Two of those often named as Bathing Beauties later distanced themselves from the appellation: Mabel Normand and Gloria Swanson. Normand was a featured player, and her 1912 8-minute film The Water Nymph may have been the direct inspiration for the Bathing Beauties. Although Gloria Swanson worked for Sennett in 1916 and was photographed in a bathing suit, she was also a star and "vehemently denied" being one of the bathing beauties.

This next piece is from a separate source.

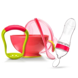 美国努比(Nuby)婴儿硅胶辅食研磨碗餐具套装,婴儿辅食研磨碗具有易研磨,方便清洗的特点,采用半透明碗盖,便于掌握研磨程度,弧形手柄舒适防滑,碗内采用一体成型的压制工艺,安全卫生。

Sennett explained his inspiration for the Bathing Beauties:

One morning as I went through the Times, in my tub, I noticed a three-column picture on Page One of a pretty girl who had been involved in a minor traffic accident. The picture made the front page for two obvious and attractive reasons. The young lady's knees were showing.
— Mack Sennett, King of Comedy

In the 1920s, Sennett's Bathing Beauties remained popular enough to provoke imitators such as the Christie Studios' Bathing Beauties (counting Raquel Torres and Laura La Plante as alumnae) and Fox Film Corporation's "Sunshine Girls" (counting Janet Gaynor as an alumna). The Sennett Bathing Beauties continued to appear through 1928. There was a brief revival in 1949, in connection with publicity for the Sennett comedy compilation film Down Memory Lane.